The marchers included 200 journalists employed by 40 state-controlled publications. Their demands: more press freedom and the reinstatement of Qin Benli, who was fired three weeks ago as editor of China's most outspokenly liberal journal, the weekly World Economic Herald in Shanghai. The journalists acknowledged the students' complaint that the official press had distorted the goals of their movement. "We can't solve our problems if we can't even write about them," said Chen Zongshun, a correspondent of the Workers' Daily.
The government's placid tolerance of such heresies is largely a matter of timing. With 3,000 international delegates attending the annual meeting of the 47-member Asian Development Bank last week in the Great Hall of the People, within earshot of Tiananmen Square, officials wanted to avoid any unpleasantness. And the protest came just days before the scheduled May 15-18 summit meeting between Chinese officials and Soviet leader Mikhail Gorbachev.

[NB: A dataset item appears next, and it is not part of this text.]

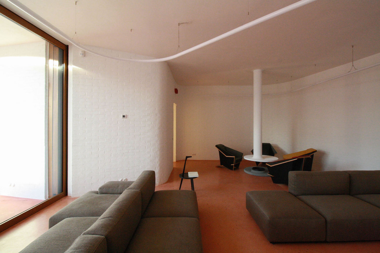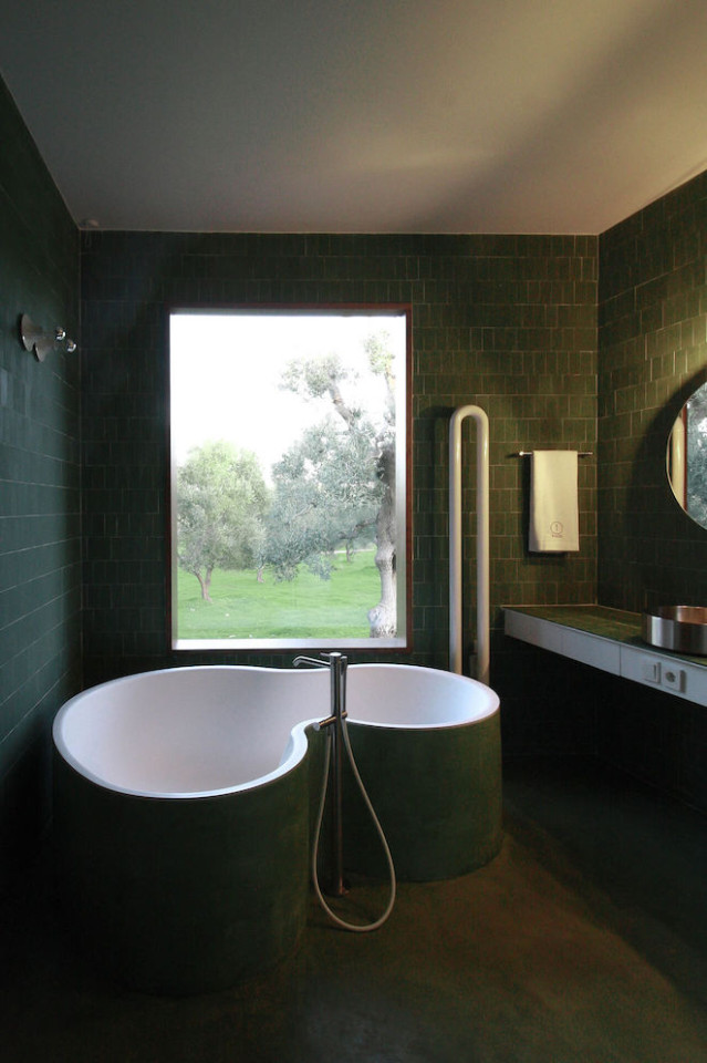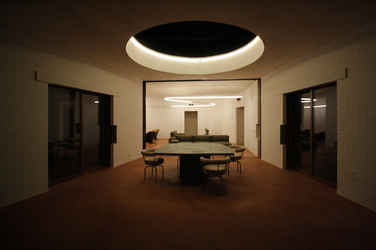 Experience the pinnacle of modern luxury and serene living with this stunning residence, nestled in a lush, verdant setting. Inside, the property boasts a series of beautifully designed spaces that promote both tranquility and social interaction. The array of modern, minimalist interiors, such as the dining area with a circular skylight, and the sleek kitchen overlooking the gentle green landscape, are complemented by cutting-edge design features including round ceiling openings and large windows that invite natural light and nature views inside. Elegant, green tiled bathrooms with views of peaceful gardens offer a spa-like experience from the comfort of home.

While there is no guarantee against reprisals once Gorbachev goes home, Party General Secretary Zhao Ziyang sounded a conciliatory note when he told the governors of the A.D.B. that the best way to deal with the students is . through "extensive consultations and dialogues," not force. But Zhao is a liberal whose influence has lately been on the wane, so it is impossible to know how much weight his promises carry. Given the gap between the students' demands and senior leader Deng Xiaoping's aversion to substantial political reform, the government's soft line on dissent is likely to be severely tested in the coming months.